Provisional attachment under PMLA Sections 5 and 8 upheld against third parties holding proceeds of crime
The AT under SAFEMA upheld the provisional attachment of property linked to money laundering, rejecting the appellant's contention that attachment is permissible only against accused persons. It held that under Sections 5 and 8 of the PMLA 2002, attachment can be made against "any person" in possession of proceeds of crime, including third parties. The appellant, though not named in the FIR or prosecution complaint, controlled companies that received proceeds from the predicate offence. The attachment of Rs.11.35 crores was found justified as matching the laundered amount transferred to entities under appellant's control. Since the trial is pending, confiscation was not considered. The appeal was dismissed for lack of merit, affirming the legality of the provisional attachment.
ISSUES:
Whether provisional attachment of properties under Section 5 of the Prevention of Money Laundering Act, 2002 ("the Act of 2002") can be sustained against a person not named as an accused in the FIR, ECIR, or Prosecution Complaint.Whether continuation of provisional attachment beyond 180 days without filing a Prosecution Complaint against the person in whose hands the property is attached is permissible under Sections 5 and 8 of the Act of 2002.Whether the absence of an order of confiscation affects the validity or duration of the provisional attachment of property under the Act of 2002.Whether the provisional attachment of properties matching the value of proceeds of crime transferred to companies controlled by the appellant is justified under the Act of 2002.
RULINGS / HOLDINGS:
The Court held that Section 5(1)(a) of the Act of 2002 permits provisional attachment of property in the possession of "any person," not limited to an accused, if such property is proceeds of crime. The attachment in the hands of a person not named as an accused is sustainable.The continuation of provisional attachment beyond 180 days is governed by Section 8(3)(a), which allows attachment during investigation for up to 365 days or pendency of proceedings relating to the offence under the Act, regardless of whether a Prosecution Complaint has been filed against the person whose property is attached.The absence of an order of confiscation does not invalidate the provisional attachment; confiscation occurs only upon conclusion of trial under Section 8(5), and until then, attachment remains subject to the trial's outcome.The provisional attachment of properties to the extent of Rs.11.35 Crores, corresponding to proceeds of crime transferred to companies controlled by the appellant, is justified and lawful under the Act of 2002.
RATIONALE:
The Court applied the statutory framework of Sections 5 and 8 of the Prevention of Money Laundering Act, 2002, emphasizing that the term "any person" in Section 5(1)(a) extends the scope of attachment beyond those formally accused, to prevent frustration of confiscation proceedings.The Court relied on the authoritative interpretation from the Apex Court in Vijay Madanlal Choudhary v.

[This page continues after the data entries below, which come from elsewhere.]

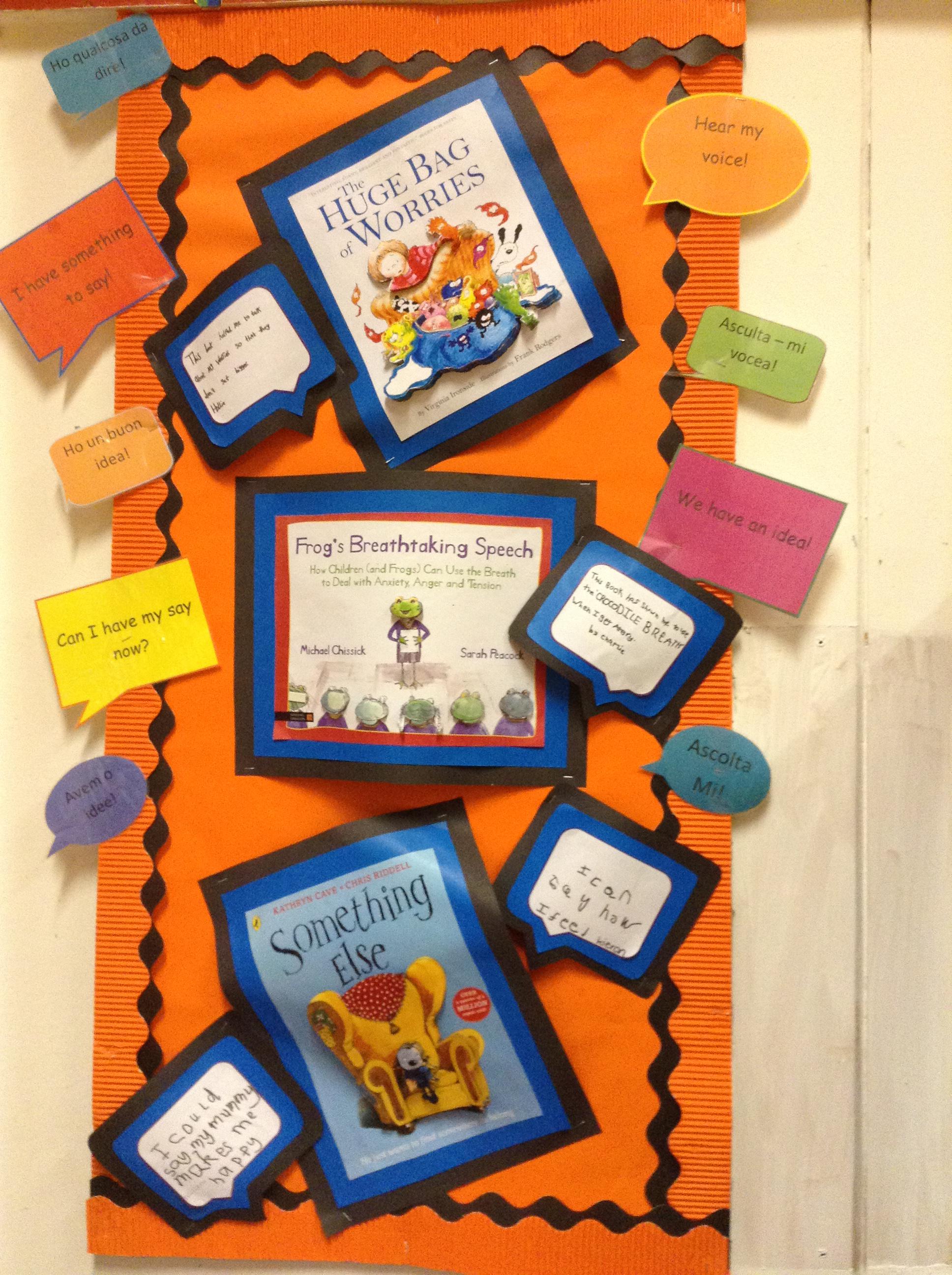 All staff are encouraged to listen to children and allow them to express how they feel. We understand that not all children can regulate their emotions or make sense of their experiences. We can offer more intensive support if needed and have a great range of resources that we can share with you and your child. We have books, activities and stories that can help children discuss and understand that some of their feelings are normal. Please do pop in and ask to see what we have.
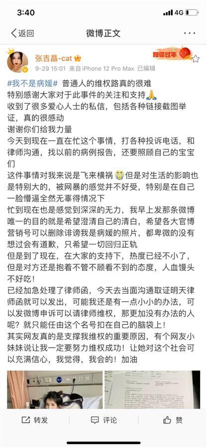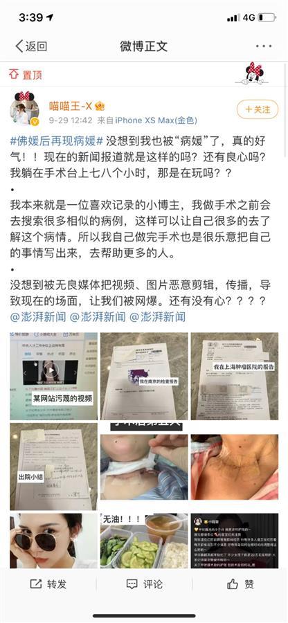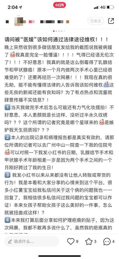 李女士表示,自己昨晚突然在微信上收到很多朋友发来“病媛”的截图,才知道自己在小红书发布的病床照被截图,作为“病媛”案例之一被报道。目前,她在寻求法律途径维权。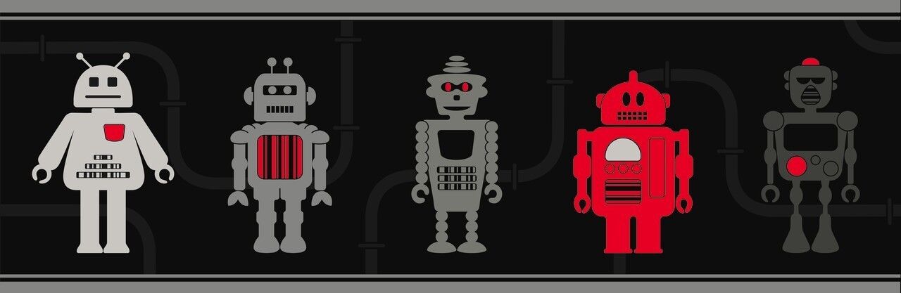 BLACK SILVER RED ROBOT BOYS CHILDRENS KIDS TEENAGE WALLPAPER BORDER DLB07533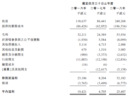 近三年的利润表如下图所示,所有收益均来自于演唱会举办及提供演唱会制作服务,截至2016年、2017年、2018年4月30日,演唱会举办业务分别占总收益的69.4%、0及67.6%。其中2017财年未曾举办演唱会是因为更多地专注提供演唱会制作服务及投资其他人士筹办的演唱会,但也说明演唱会举办具有较大的波动性,跟合作艺人的关系也非常重要。其中与谭咏麟先生的关系尤为重要,截至2016年、2017年、2018年4月30日,谭咏麟先生的一项个人演唱会主题下的演出贡献的收益分别为1410万港元、4830万港元及7540万港元,收益占比分别为11.8%、55.9%及31.4。同期,谭咏麟先生也与其他艺人共同进行两项演唱会主题的表演,相关收益分别为5160万港元、430万港元及9520港元,分别占当期总收益的43.5%、5.0%及39.6%。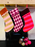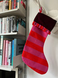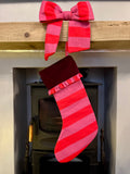 Red & Pink Stripe & Burgundy Velvet Ruffled Christmas Stocking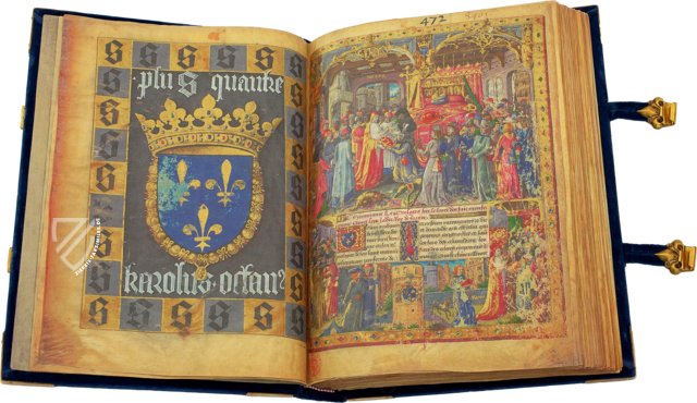 Einer der bedeutendsten mittelalterlichen Monarchen, der das „Ideal eines christlichen Herrschers“ im 13. Jahrhundert neu definierte, war König Ludwig IX. von Frankreich, genannt der Heilige. Seine Person und sein Wirken boten Stoff für unzählige Chroniken, Biographien und Wundererzählungen, die zum Teil in herrlichen Handschriften festgehalten wurden. Ein besonders schönes Exemplar ließ Kardinal Charles de Bourbon um 1480 von einem begnadeten Künstler fertigen. Dieser unter dem Namen „Meister des Kardinals Charles de Bourbon“ bekannte flämische Miniaturist stellte mit der künstlerischen Ausschmückung des Livre des faits de monseigneur saint Louis sein ganzes, herausragendes Können dar. Die prachtvoll goldgeschmückten, großformatigen Miniaturen zu der Lebensbeschreibung Ludwigs des Heiligen und Wundertaten, die sich nach seinem Tod an seinem Grab abgespielt haben sollen, bestechen durch feinste Details und wunderbare Bildkompositionen. Die französische Handschrift kann sicherlichzu den ganz großen Werken der Buchmalerei des späten 15. Jahrhunderts gezählt werden.

Union of India, which rejected the argument that attachment must be limited to accused persons, clarifying that attachment can be made against third parties involved in the process or activity connected with proceeds of crime.The Court clarified that the continuation of attachment under Section 8(3)(a) is linked to the pendency of proceedings relating to the offence under the Act, not necessarily against the person whose property is attached, thereby allowing attachment to continue without a Prosecution Complaint against that person.The Court noted that confiscation under Section 8(5) occurs only after trial conclusion, and provisional attachment pending trial is consistent with the legislative intent to protect the proceeds of crime from dissipation.The Court rejected the appellant's interpretation that attachment without naming the person as accused or filing a Prosecution Complaint within 365 days is impermissible, as such an interpretation would frustrate the object of the Act by allowing easy diversion of proceeds of crime to third parties.